#### Requirement:
The data must be reproduced verbatim; images are to be omitted.

#### Data provided:

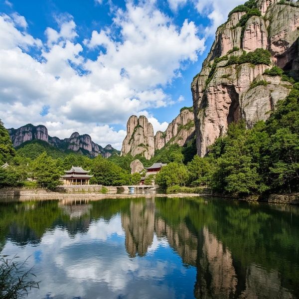 • 简介:仙水岩是龙虎山的核心景区之一,以其独特的丹霞地貌和清澈的河水而闻名。这里不仅山水相依,景色宜人,还是龙虎山道教文化的重要发源地。
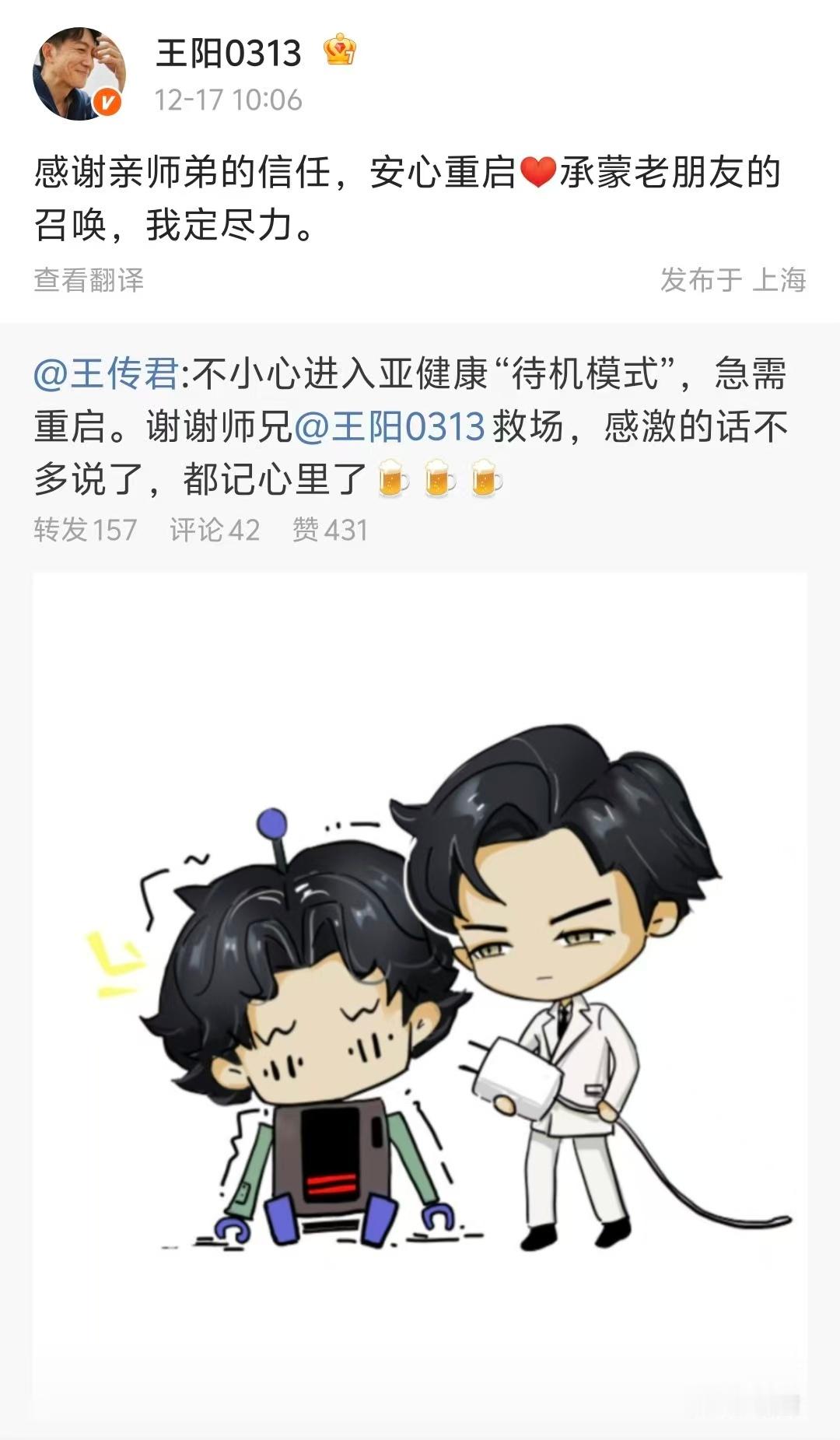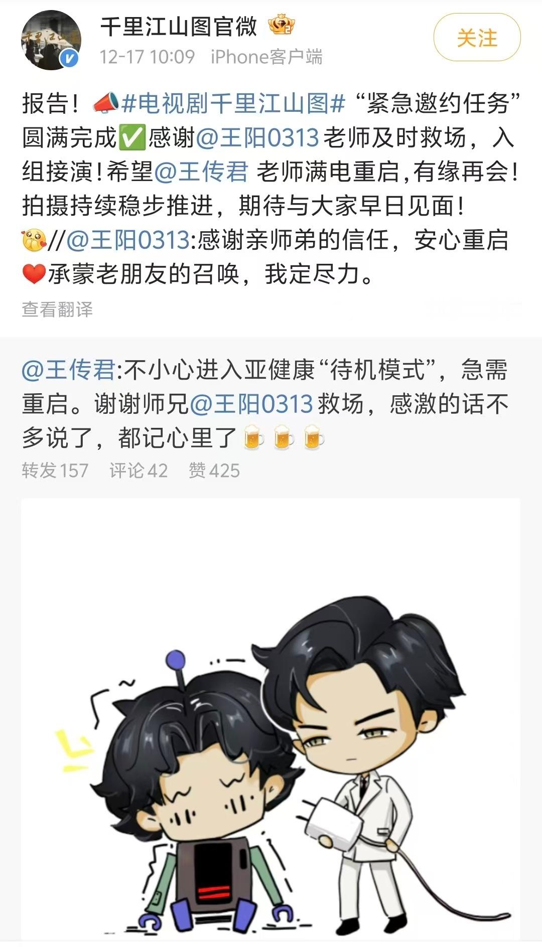 【王传君因病退出千里江山图拍摄】王阳接替王传君拍千里江山图 12月17日,发文称:“不小心进入亚健康‘待机模式’,急需重启。谢谢师兄救场,感激的话不多说了,都记心里了。”王阳转发称:“感谢亲师弟的信任,安心重启。承蒙老朋友的召唤,我定尽力。”《千里江山图》剧组官微表示,“紧急邀约任务”圆满完成,感谢王阳及时救场,入组接演!拍摄持续稳步推进,期待与大家早日见面。据了解,《千里江山图》由汪俊执导,等出演,陈道明监制并友情出演,你期待吗?
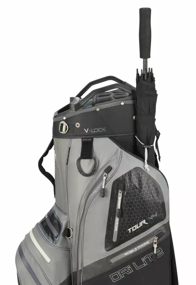 The Dri Lite V-4 bag offers the perfect overview of the clubs. Whereas with conventional tops large clubs hide smaller clubs, the V-Lock system works as follows:
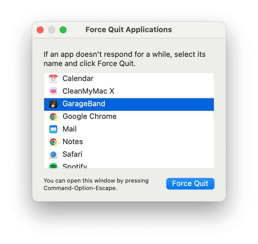 - Επιλέξτε την κατεψυγμένη εφαρμογή από τη λίστα και κάντε κλικ στην επιλογή Force Quit.
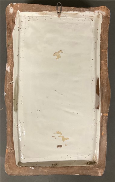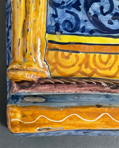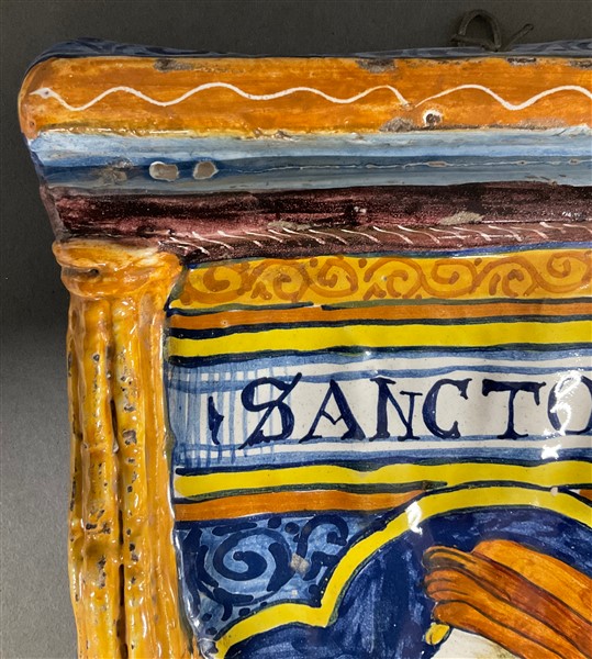 Manifattura meridionale, placca in maiolica dipinta in policromia centrata da figura di santo entro struttura architettonica (cm 22x38) (difetti)

#### Result for this task:
 • 简介:仙水岩是龙虎山的核心景区之一,以其独特的丹霞地貌和清澈的河水而闻名。这里不仅山水相依,景色宜人,还是龙虎山道教文化的重要发源地。
 【王传君因病退出千里江山图拍摄】王阳接替王传君拍千里江山图 12月17日,发文称:“不小心进入亚健康‘待机模式’,急需重启。谢谢师兄救场,感激的话不多说了,都记心里了。”王阳转发称:“感谢亲师弟的信任,安心重启。承蒙老朋友的召唤,我定尽力。”《千里江山图》剧组官微表示,“紧急邀约任务”圆满完成,感谢王阳及时救场,入组接演!拍摄持续稳步推进,期待与大家早日见面。据了解,《千里江山图》由汪俊执导,等出演,陈道明监制并友情出演,你期待吗?
 The Dri Lite V-4 bag offers the perfect overview of the clubs. Whereas with conventional tops large clubs hide smaller clubs, the V-Lock system works as follows:
 - Επιλέξτε την κατεψυγμένη εφαρμογή από τη λίστα και κάντε κλικ στην επιλογή Force Quit.
 Manifattura meridionale, placca in maiolica dipinta in policromia centrata da figura di santo entro struttura architettonica (cm 22x38) (difetti)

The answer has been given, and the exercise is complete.